ECB aims to upgrade internet payments security via new recommendations

The final recommendations, considerations and practices are aimed at governance authorities of payment schemes and all payment service providers (PSPs) such as internet card payments, including virtual card payments, as well as the registration of card payment data for use in wallet solutions, the execution of credit transfers on the internet, the issuance and amendment of direct debit electronic mandates and transfers of electronic money between two e-money accounts via the internet.

The main recommendations include:
• protect the initiation of internet payments, as well as access to sensitive payment data, by strong customer authentication;
• limit the number of log-in or authentication attempts, define rules for internet payment services session “time out” and set time limits for the validity of authentication;
• establish transaction monitoring mechanisms to prevent, detect and block fraudulent payment transactions;
• implement multiple layers of security defenses in order to mitigate identified risks;
• provide assistance and guidance to customers about best online security practices, set up alerts and provide tools to help customers monitor transactions.

The detailed recommendations will be integrated into existing oversight frameworks for payment schemes and supervisory frameworks for PSPs and are to be considered as common minimum requirements for internet payment services.
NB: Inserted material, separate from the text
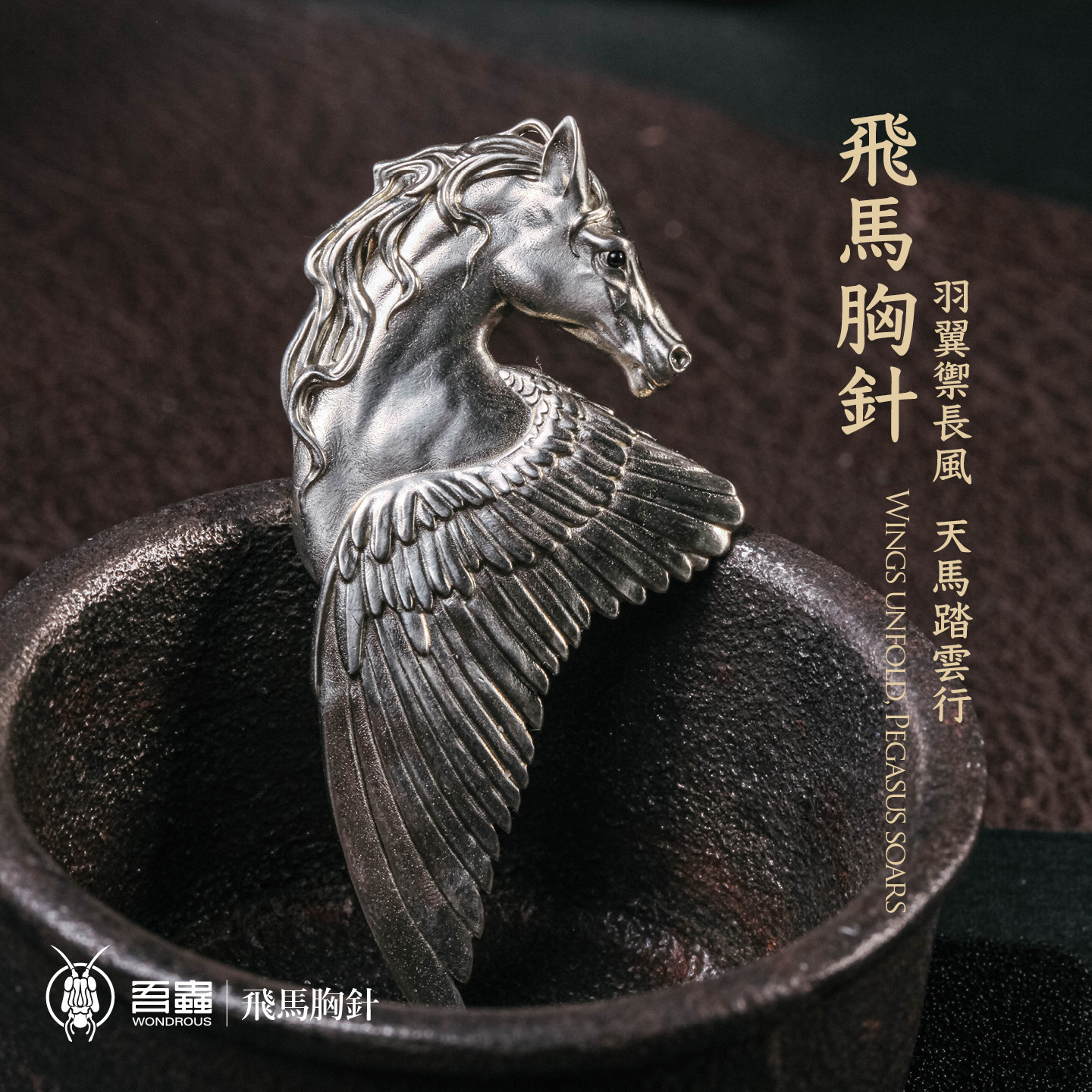 吾蟲复古飞马胸针马年金属别针帽徽暗黑系原创配饰生肖礼物

The members of the Forum are committed to support the implementation of the recommendations in their respective jurisdictions. They are expected be implemented by PSPs and governance authorities of payment schemes by 1st of February 2015.
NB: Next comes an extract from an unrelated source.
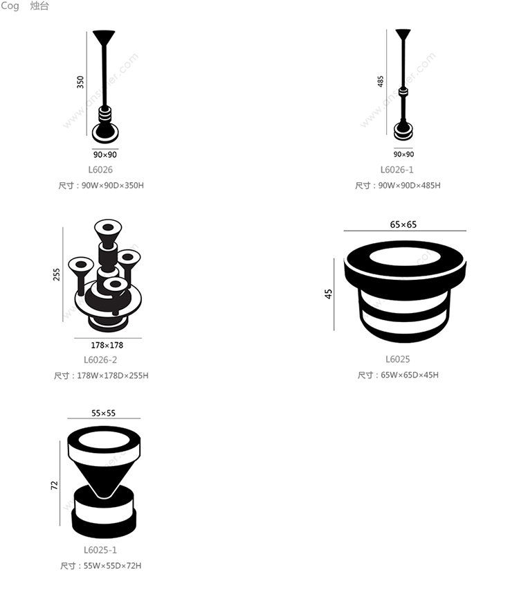 Cog 烛台 系列尺寸/示意图

The recommendations follow a two-month public consultation carried out in 2012 and the first achievement of the European Forum on the Security of Retail Payments (SecuRe Pay), a voluntary cooperative initiative between authorities from the European Economic Area (EEA), supervisors of payment service providers and overseers in particular, aimed at facilitating common knowledge and understanding of issues related to the security of electronic retail payment services and instruments and, where necessary, issuing recommendations.